Я актриса, лицедейка. Одинокая черная кошка, гуляющая по трубам и заброшенным крышам. Единственный, кто сорвал мою маску, был единственный, кто не оставил после себя ничего, кроме пустоты.
В одну ночь я металась в бреду, каждый тик часов рвал меня на части. И тогда я услышала голос у изголовья кровати:
— Напиши письмо и положи его под старым дубом, растущим возле Клетки. И тогда оно дойдёт до адресата, даже если вас разделяют тысячелетия и миры.
В комнате никого не было. Лишь запахло весной и лавандой. Я не знала, женщина говорит или мужчина, взрослый или ребенок. Обладатель был слишком далеко. Там, докуда я не смогу добраться. Там, откуда нет возврата. За Гранью.
Сад дышал свежестью. Эхо сказок и историй о населенных мирах пронизывало воздух, голосов было так много, что я не могла услышать их. У окна, ведущего в Клетку, стояла Поступь, снова и снова улыбающаяся своему Ворону. Однажды они станут свободными. И тогда я проснусь и обнаружу пустую кровать рядом со мной. Быть может, ни я, ни врачи ни вспомнят её имени.

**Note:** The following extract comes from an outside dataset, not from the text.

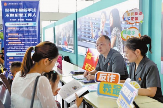 近日,成都鐵路運輸?shù)谝环ㄔ骸俺尚』ァ逼辗ㄐ》株犌巴啥紪|站站前廣場、候車廳及列車車廂開展反詐主題宣傳活動。活動現(xiàn)場,普法小分隊以通俗易懂的語言向群眾宣傳講解電信網(wǎng)絡詐騙案件的特點、“兩卡”詐騙的常見套路和新型手段及防范技巧,曝光“供卡”、提供廣告推廣、“跑分”轉(zhuǎn)移涉詐資金等犯罪行為,同時,干警向現(xiàn)場群眾發(fā)放宣傳手冊,面對面開展法律咨詢,引導群眾樹立反詐思維。

Она уйдет, забрав с собой всё, даже саму вероятность её существования.
Я пишу на бумаге под ветвями старого дуба. Листья падают мне на волосы и плечи, лунный свет разливается по мокрой траве. И тишина сопутствует мне, ничто и никто не смеет её нарушить.
Ах, не люби меня, мой милый Друг,
Ведь я вампир и кровопийца,
Уйди неведомыми тропами, забрав и свет, и звук.
Ведь я лишь лицедейка и убийца.
Мне чувства чужды, о мальчик из ночных лесов,
Я пеленована ночною мглою,
У меня сто масок, сто голосов,
Но я побеждена одним тобою.
Твердила я тебе без устали, но ты не слушал:
Беги, глупец, как от потопа, от огня,
Я сокрушу тебя, разрушу твою душу.
Беги, беги ты от меня.
Ну, а тебе не важно, всё равно.
Ты вспыхиваешь и сгораешь,
Твердишь мне о любви сквозь бег часов
Пока я ухожу от чувств пожарищ.
Я в клочья разорву трепещущее сердце,
Хрусталю подобную сожру я душу,
Но лишь когда захлопывается дверца
О мальчик-лето, твой голос я всё время слышу.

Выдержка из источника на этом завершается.